Il datore di lavoro di fatto ha l’obbligo di comunicare a ciascun lavoratore in modo chiaro e trasparente le informazioni previste dal Decreto Trasparenza in formato cartaceo oppure in modalità elettronica o telematica.

In ogni caso le informazioni devono essere conservate e rese accessibili al lavoratore a cura del datore di lavoro che deve conservare la prova dell’avvenuta trasmissione o ricezione per cinque anni dalla cessazione del rapporto di lavoro.
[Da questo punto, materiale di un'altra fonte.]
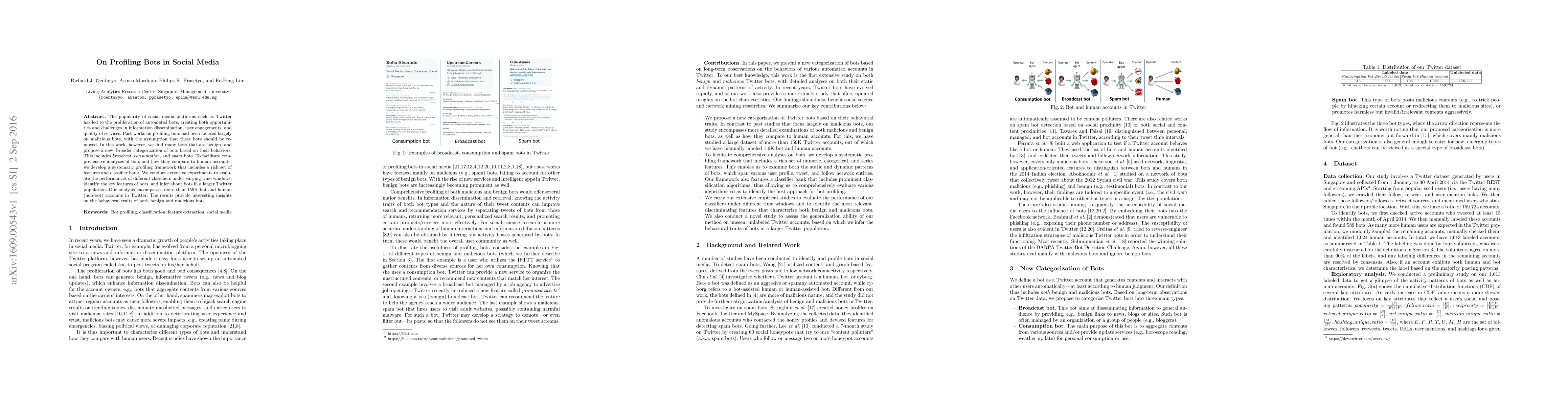A machine learning approach using a linear regression classifier was employed to classify Twitter accounts into human, broadcast bot, consumption bot, or spam.
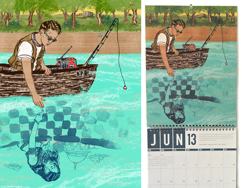 DF: I was asked by the exceptional folks at National Public Radio to make a piece for their 2013 Calendar. The art direction was to make an image that reflected our personal connection with the radio. I was in high school when I started to listen to NPR. For the longest time I wanted to go to college to eventually go back to my home town and make something there. I really didn’t know what. Listening to NPR opened me up to a world out there that I wasn’t aware of and made me want to begin exploring it.

Gli obblighi di informazione possono essere assolti mediante la consegna al lavoratore, all'atto dell'instaurazione del rapporto di lavoro e prima dell’inizio dell'attività lavorativa, in via alternativa:

  1. a) del contratto individuale di lavoro redatto per iscritto, della lettera di assunzione o della dichiarazione di assunzione;
  2. b) della copia della comunicazione preventiva obbligatoria telematica di instaurazione del rapporto di lavoro (art. 9-bis, D.L. n. 510/1996, convertito dalla legge n. 608/1996).

 

Rileva – per ben comprendere come i Datori di Lavoro devono comportarsi – l’apertura alle così dette clausole di rimando autorizzata dalla Circolare INL 4/2022.

I Datori di lavoro dovranno quindi arricchire le lettere di assunzione o creare degli allegati da fornire a ciascun lavoratore dando informazione specifica per quanto riguarda informazioni cruciali (luogo di lavoro, orario, retribuzione, mansione ecc) e potranno invece limitarsi a operare delle clausole di rimando alle previsioni del CCNL applicato per tutti gli  istituti generici come ad esempio assenze (Ferie, PAR, gravidanza e puerperio, malattia, infortunio, aspettativa) formazione, periodo di preavviso, enti previdenziali e assistenziali.

Parimenti potranno essere utilizzate clausole di rimando ove i regolamenti aziendali specifichino la prassi tenuta per determinazione dei turni di lavoro, modi e tempi per richiedere ferie o permessi, welfare, whistleblowing o ogni altro aspetto che caratterizza il rapporto lavoratori-azienda.